Thursday, January 12, 2012

What are two appealing features of Shelley's "Ozymandias?"

The use of multiple voices that Shelley uses to narrate the poem and the universal message that ends it become two of the most appealing features of "Ozymandias."  


There is a powerful story to Shelley's poem. It is enhanced in the way that it is narrated. The opening line where the speaker meets a "traveller from an antique land" is extremely appealing.  On one level, the speaker is narrating a story within a story.  The speaker is sharing the narrative as we listen, for he tells it as it was told to him.  This feature is reflective of the Romantic movement, of which Shelley was a part.  


Romantic thinkers believed that truth existed in all aspects of the world.  There is much to be learned from formal instruction as there is from random stories.  The poem's opening enhances this because life's truths are being communicated by a stranger, a random "traveller from an antique land."  The poem's opening helps to frame its meaning for the reader.


I think that the end message of the traveller's story is another appealing feature of the poem.  The power of time offsets Ozymandias's boastful declaration of power.   When we see the "colossal wreck" that is all that left of the statue, it is a reminder of how time withers everyone and everything. Shelley uses the poem to communicate the temporal nature of human beings.

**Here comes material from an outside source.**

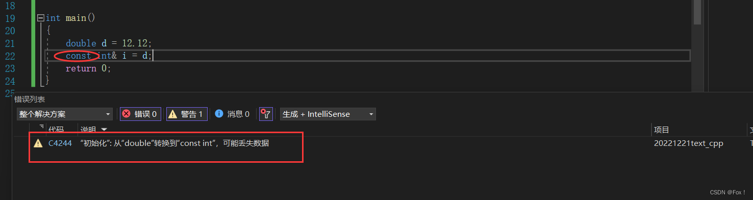 通过C语言的知识我们知道:double类型的d如果要转换成int类型的i是会发生截断的,首先会用一个临时变量来保存被截断后的值,再将该值换一个新的名称,d本身是不会发生任何改变的。而这个临时变量是具有常数性的(这个很重要,后面也会反复的提及)不能被修改,也就是不能够写,只能够读。由于权限不能够升高,所以我们必须得加const才行。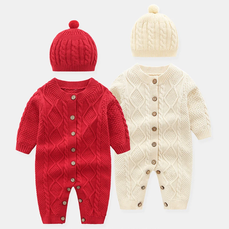 Special Offer IYEAL Pasgeboren Baby Jongen Meisje Kerst Kostuum Katoen Gebreide Baby Rompertjes Met Hoed 2 STUKS Winter Kruipen Kinderkleding Jumpsuit Discount 32% Today!

Ozymandias was arrogant and boastful.  He truly believed that he inspired fear in people.  However, only decay and disrepair remains.  This message is a powerful one as it communicates the reality that underscores all of human hopes and dreams.  While Ozymandias saw himself as immortal, the reality is that "Nothing beside remains."  Time will continue, even when we do not.  This philosophical statement is one of the poem's most appealing aspects.